Hessian-aware Training for Enhancing DNN Resilience to Bitwise Corruptions in Their Parameters

Published: 07 May 2026, Last Modified: 07 May 2026Accepted by TMLREveryoneRevisionsBibTeXCC BY 4.0
Abstract: Deep neural networks are not resilient to parameter corruptions: even a single-bitwise error in their parameters in memory can cause an accuracy drop of over 10%, and in the worst-cases, up to 99%. This susceptibility poses great challenges in deploying models on computing platforms, where adversaries can induce random/targeted bit-flips, e.g., through software-induced fault attacks like Rowhammer. Most prior work addresses this issue with hardware or system-level approaches, such as integrating additional hardware components to verify a model’s integrity at inference. However, these methods have not been widely deployed as they require infrastructure or platform-wide modifications. In this paper, we propose a new approach to addressing this issue: training models to be more resilient to bitwise corruptions to their parameters. Our approach, Hessian-aware training, promotes models to learn flatter loss surfaces. We show that existing training methods designed to improve generalization (e.g., through sharpness-aware minimization) do not enhance resilience to parameter corruptions. In contrast, models trained with our method demonstrate improved resilience to parameter corruptions, particularly with a 20–50% reduction in the number of bits whose individual flipping leads to a 90–100% accuracy drop. We also characterize the factors that may influence this increased resilience. Moreover, we show the synergy between ours and existing hardware and system-level defenses.
Submission Type: Regular submission (no more than 12 pages of main content)

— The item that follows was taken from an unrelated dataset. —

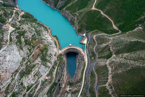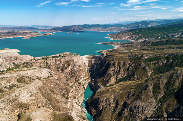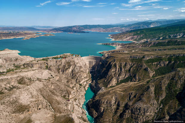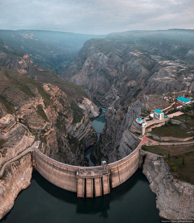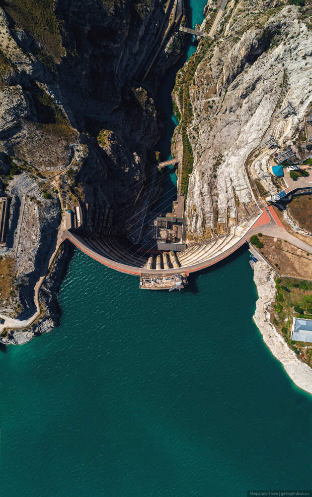 15. С другой стороны плотины начинается Сулакский каньон — самый глубокий в Европе. В некоторых местах глубина достигает 1920 м — это на 63 м больше, чем в Большом каньоне в США.

Changes Since Last Submission: We made minor camera-ready revisions to improve clarity and presentation. Specifically, we updated the manuscript from the anonymous review version to the final accepted version by adding author information and the OpenReview review link. We also expanded and reorganized the Background section into clearer subsections, including IEEE-754 floating-point representation, relation to prior curvature-aware/robustness methods, and bit-flip attacks on DNNs via Rowhammer. In addition, we added explanatory text to better clarify the intuition behind Hessian-aware training and why smoother loss landscapes improve resilience to parameter-level bit-flip corruptions. These revisions do not change the main method, experimental results, conclusions, or claims of the paper.